There are a few key points that we're trying to make:

1.  *lots* of transcripts is the rule rather than the exception.  

2.  most of the transcripts are very lowly expressed, and the deeper you sequence and the more complex your genome, the larger the number of lowly expressed transcripts you will be able to assemble.  Biological relevance of the lowly expressed transcripts could be questionable - some are bound to be very relevant.

3.  there's really no good reason to filter them out.  They can be 'passengers' throughout all of your data analyses, and if any of them are important, they'll ideally surface in the relevant study.   You can put them all through Trinotate.github.io for annotation/analysis, and you can put them through DE studies just fine.  If the read counts are few or lacking, they simply won't surface as significant DE entries, but if there's protein homology or other interesting features, you'll continue to capture this info.

4.  if you want to guestimate 'how many expressed genes/transcripts do I have', then the analysis I pointed you to will enable you to count the number that reflect the majority of the reads, excluding counting those that have little read support.  The entries with >= ~1 fpkm or tpm tend to be heavily enriched for transcripts that correspond to what we typically think of as 'genes' in the pre-RNA-Seq era, and what typically are awarded annotation status in genome annotation. 

best,

~brian

[Qiuzhong Zhou]

Thanks for your advice, Mark, my research plant is amphiploid and no reference genome, i intend to use your cmd line to run again. if the result also have too many transcripts, i have no choice but to filter out poorly supported transcripts. 

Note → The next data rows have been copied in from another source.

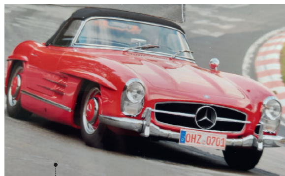
o Jörg Landgraf und Gitta von Schassen 27 Mercedes-Benz 300 SL Roadster (W 198 II) 2996 ccm | 215 PS | 1957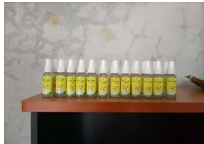
Gambar 5. Hasil pelatihan membuat hand sanitizer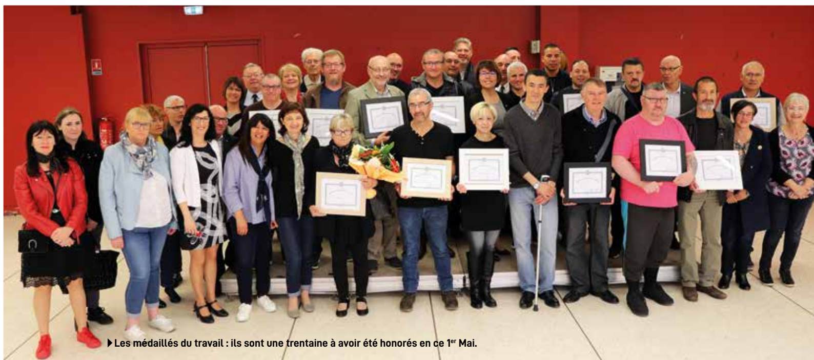
► Les médaillés du travail : ils sont une trentaine à avoir été honorés en ce 1 er Mai.

On Thursday, April 16, 2015 at 4:11:55 PM UTC+8, Mark Chapman wrote:

Hi Qiuzhong,

I would agree with Dan's point that some of your isoforms might be very lowly expressed and/or poorly supported, so a little filtering is often useful, and getting an idea for what your data look like is often a good idea.

Try modifying a few of the parameters in the trinity command line. They will probably not make a huge change, but may remove some of the more poorly supported 'genes' and isoforms. In my command line I often use:

--min_kmer_cov 2 --max_internal_gap_same_path 15 --max_diffs_same_path 4

or variants on this.

Also what is it you are assembling? is it likely to be polyploid? is there a genome sequence available?

Thanks, Mark

On 16 April 2015 at 08:22, Qiuzhong Zhou <cnzq...@gmail.com> wrote:

but the lowly expressed transcripts maybe also have an important role, i do not want to filter out them.  do you have any other method do for this issue. thanks

On Thursday, April 16, 2015 at 2:09:35 PM UTC+8, Dan Browne wrote:

The point is that you can filter out lowly expressed transcripts essentially as noise in your assembly, thus leaving you with a smaller set of perhaps more significant transcripts, as they are more strongly supported by the reads than the transcripts that you filtered out.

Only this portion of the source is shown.